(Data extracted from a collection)

####

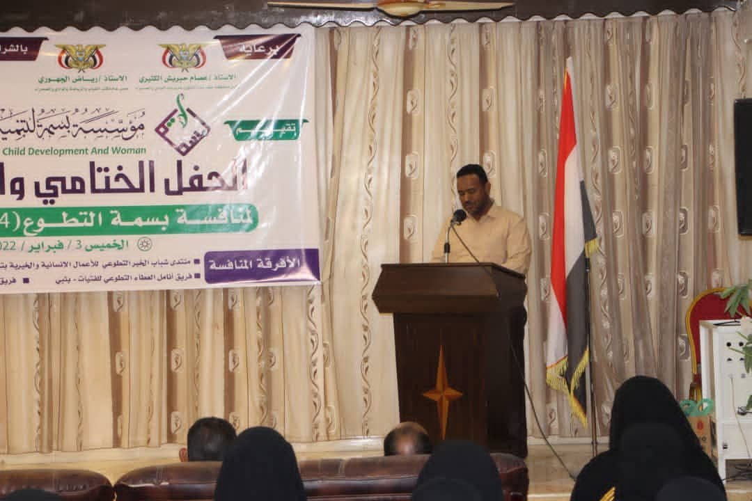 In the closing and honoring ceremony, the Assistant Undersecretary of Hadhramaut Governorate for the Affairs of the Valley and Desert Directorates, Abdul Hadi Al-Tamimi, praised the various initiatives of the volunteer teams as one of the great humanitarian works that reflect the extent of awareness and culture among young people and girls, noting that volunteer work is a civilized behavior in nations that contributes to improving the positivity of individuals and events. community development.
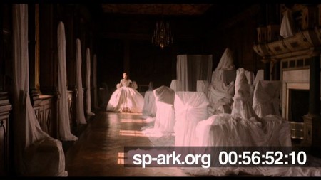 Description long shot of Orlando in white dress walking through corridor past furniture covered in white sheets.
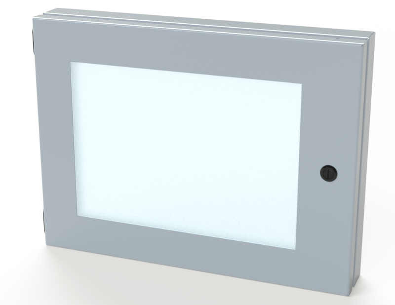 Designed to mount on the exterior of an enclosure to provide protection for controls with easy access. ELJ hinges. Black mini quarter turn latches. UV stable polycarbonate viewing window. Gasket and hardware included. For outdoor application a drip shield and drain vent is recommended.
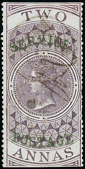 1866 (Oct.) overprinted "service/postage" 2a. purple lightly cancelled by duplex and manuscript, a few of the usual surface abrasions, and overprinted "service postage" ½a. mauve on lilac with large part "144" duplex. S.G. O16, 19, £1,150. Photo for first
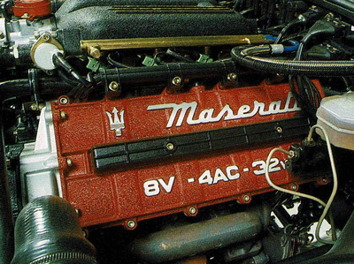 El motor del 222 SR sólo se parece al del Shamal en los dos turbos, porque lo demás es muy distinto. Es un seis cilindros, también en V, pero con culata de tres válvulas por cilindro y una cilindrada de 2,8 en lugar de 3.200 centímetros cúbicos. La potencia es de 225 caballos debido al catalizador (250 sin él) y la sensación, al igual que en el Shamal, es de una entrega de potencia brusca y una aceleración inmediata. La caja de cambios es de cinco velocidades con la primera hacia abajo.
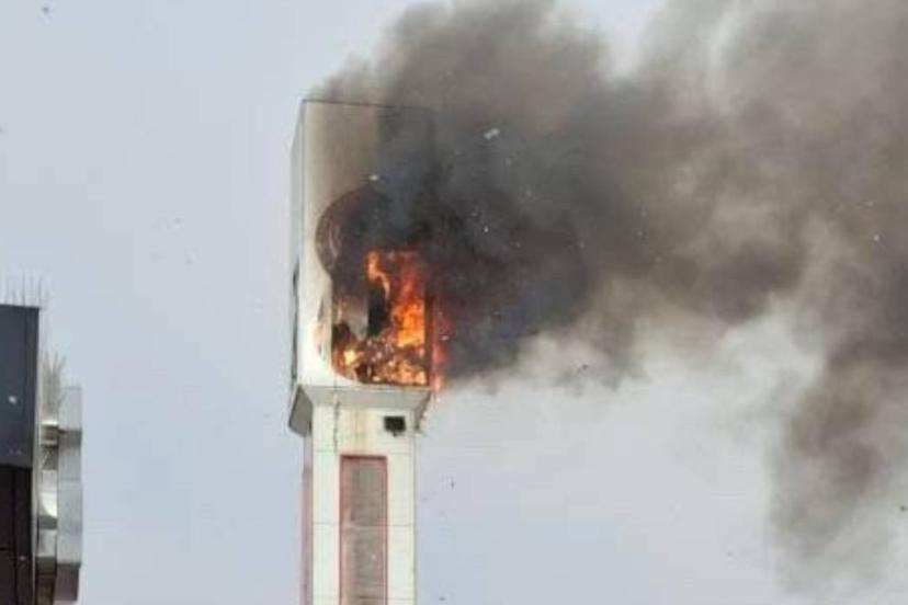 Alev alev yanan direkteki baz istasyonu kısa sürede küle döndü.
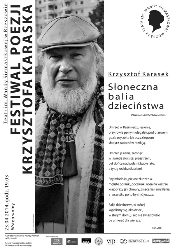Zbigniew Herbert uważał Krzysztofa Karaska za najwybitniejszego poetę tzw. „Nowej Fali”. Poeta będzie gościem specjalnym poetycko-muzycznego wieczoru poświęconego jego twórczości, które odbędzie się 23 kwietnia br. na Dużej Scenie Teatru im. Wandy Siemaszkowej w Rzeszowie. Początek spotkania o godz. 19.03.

####

**EXERCISE OBJECTIVE**
Retype only the lines above from the one with "Description long shot" through the one with "Designed to mount", exactly and with both ends. Images stay out.

**EXPECTED ANSWER**
 Description long shot of Orlando in white dress walking through corridor past furniture covered in white sheets.
 Designed to mount on the exterior of an enclosure to provide protection for controls with easy access. ELJ hinges. Black mini quarter turn latches. UV stable polycarbonate viewing window. Gasket and hardware included. For outdoor application a drip shield and drain vent is recommended.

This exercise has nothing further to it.